◆ **DATA PROVIDED**
————————

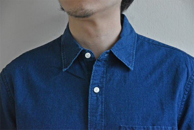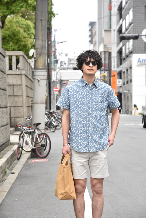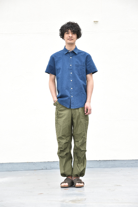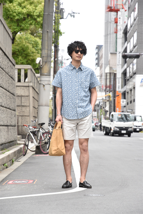 ムラのあるシャンブレーのような淡目の生地感には、ホワイトのショーツとのカラーバランスが好みです。
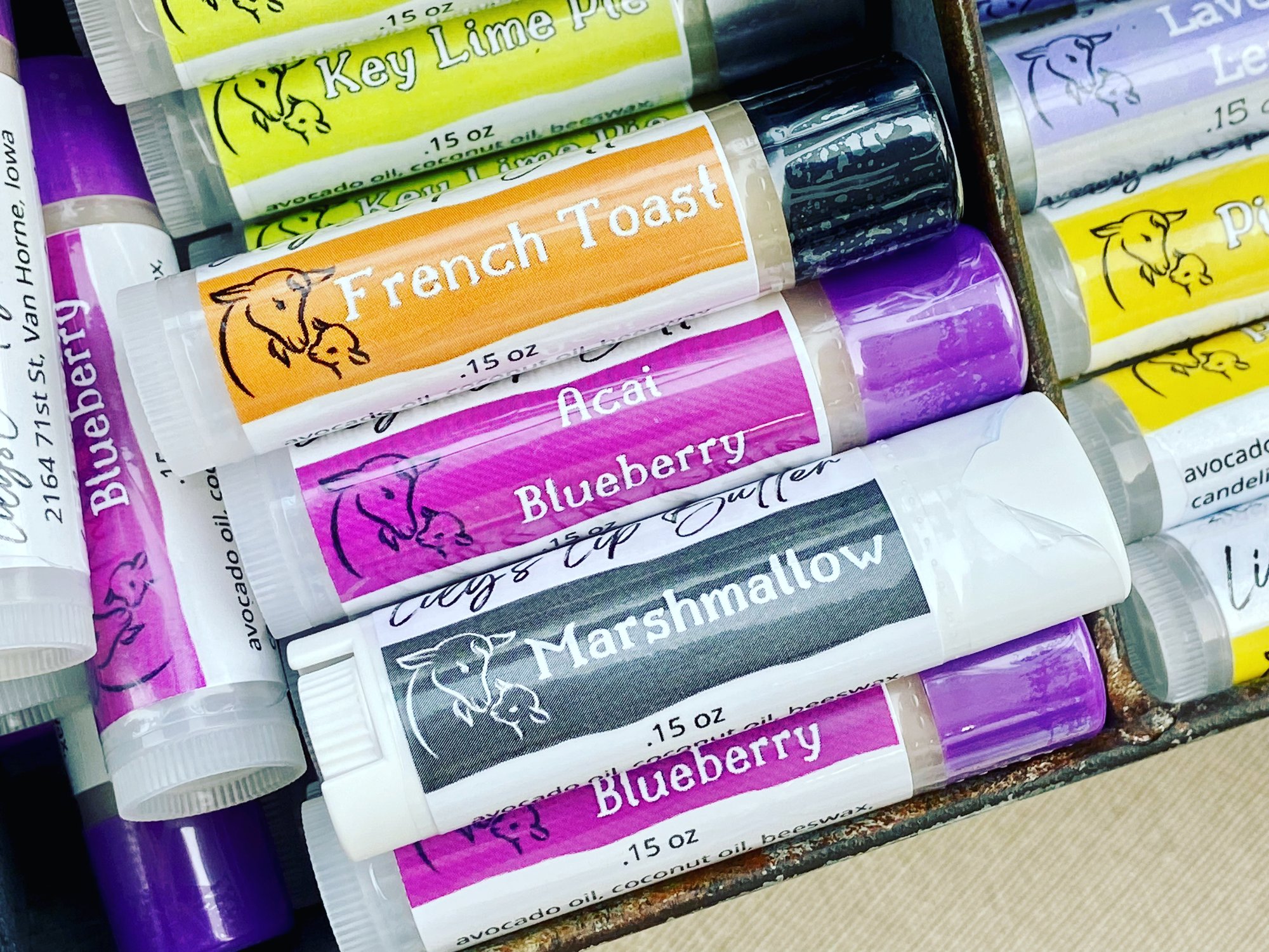 It contains skin-loving avocado oil, coconut oil, beeswax, candelilla wax, goat milk powder, vitamin E, flavor and/or essential oils, .15 oz.
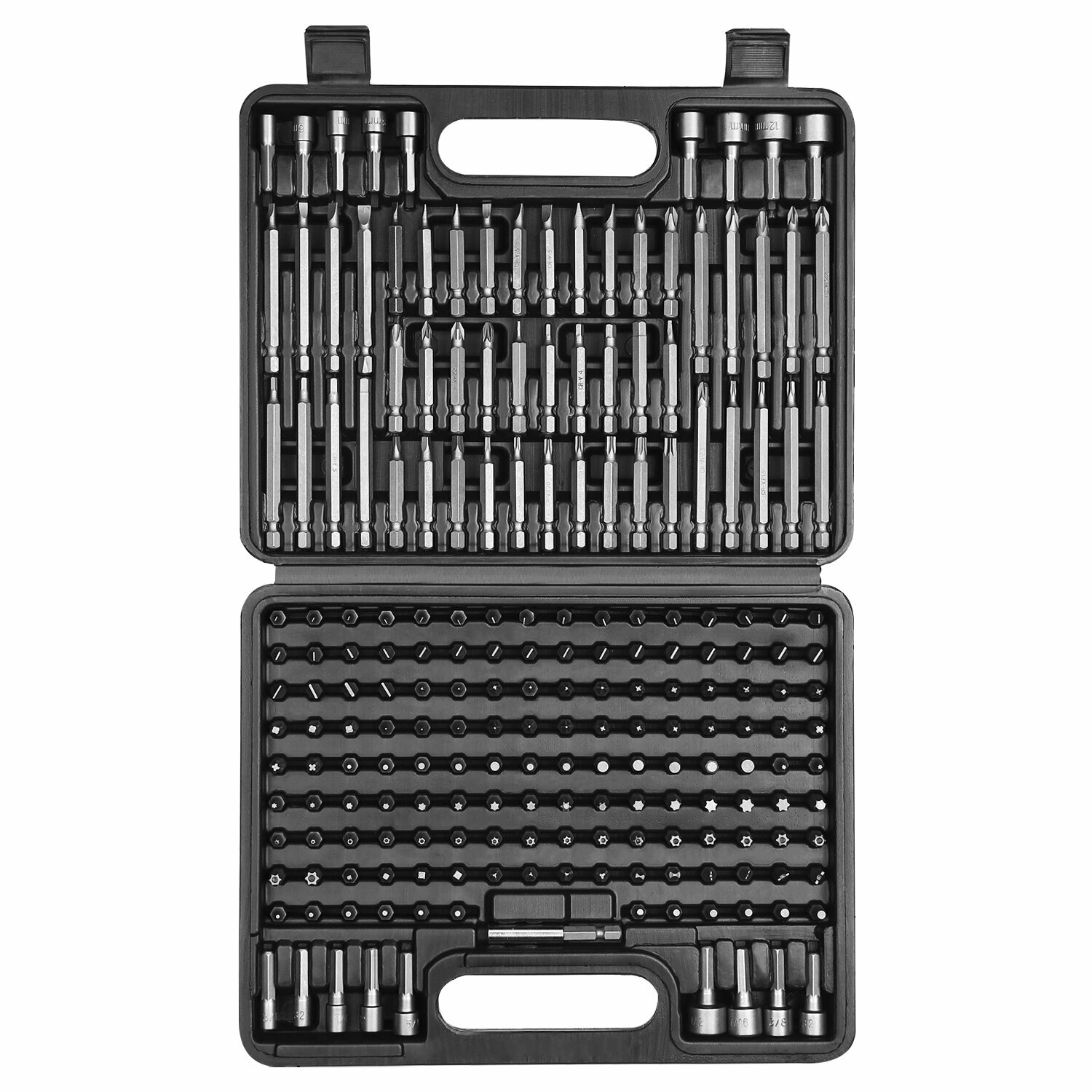 | Биты подробно | 18 х биты 75мм: 5,6,H3,4,5,6,T10,15,20,25,PH1,2,3,PZ1,2,3,SL3,4, 30 х биты 50мм: PH1,2,3,PZ1,2,3,H2,3,4,5,6,S0,1,2,3,T10,15,20,25,27,30,40; SL3*2,4*2,5*2,6*2 140 х биты 25мм: PH0*3,PH1*3,PH2*6,PH3*3,PZ0*3,PZ1*3,PZ2*6,PZ3*3,T8*2,T10*2, T15*2,T20*2,T25*2,T27*2,T30*2,T35*2,T40*2,SL2*3,SL2.5*3,SL3*6,SL4*6,SL4.5*2,SL5*5,SL5.5*1,SL6*5,SL6.5*2,SL7*3, TT8,TT10,TT15,TT20*3,TT25*3,TT27*2,TT30*3,TT35*3,TT40,H2,2.5,H3*2,H4*3,H5*3,H5.5*1,H6*1,S0-1-2-3, TRIWING1-2-3-4,C1,C2,SPANNER4-6-8-10,H5/64*2,H3/32*2,H5/32*2,H7/64*2,H1/8*2,H9/64*2 |

————————

◆ **WHAT THE TASK ASKS**
For this exercise, retype the data above exactly and skip every image.

◆ **RESULT**
 ムラのあるシャンブレーのような淡目の生地感には、ホワイトのショーツとのカラーバランスが好みです。
 It contains skin-loving avocado oil, coconut oil, beeswax, candelilla wax, goat milk powder, vitamin E, flavor and/or essential oils, .15 oz.
 | Биты подробно | 18 х биты 75мм: 5,6,H3,4,5,6,T10,15,20,25,PH1,2,3,PZ1,2,3,SL3,4, 30 х биты 50мм: PH1,2,3,PZ1,2,3,H2,3,4,5,6,S0,1,2,3,T10,15,20,25,27,30,40; SL3*2,4*2,5*2,6*2 140 х биты 25мм: PH0*3,PH1*3,PH2*6,PH3*3,PZ0*3,PZ1*3,PZ2*6,PZ3*3,T8*2,T10*2, T15*2,T20*2,T25*2,T27*2,T30*2,T35*2,T40*2,SL2*3,SL2.5*3,SL3*6,SL4*6,SL4.5*2,SL5*5,SL5.5*1,SL6*5,SL6.5*2,SL7*3, TT8,TT10,TT15,TT20*3,TT25*3,TT27*2,TT30*3,TT35*3,TT40,H2,2.5,H3*2,H4*3,H5*3,H5.5*1,H6*1,S0-1-2-3, TRIWING1-2-3-4,C1,C2,SPANNER4-6-8-10,H5/64*2,H3/32*2,H5/32*2,H7/64*2,H1/8*2,H9/64*2 |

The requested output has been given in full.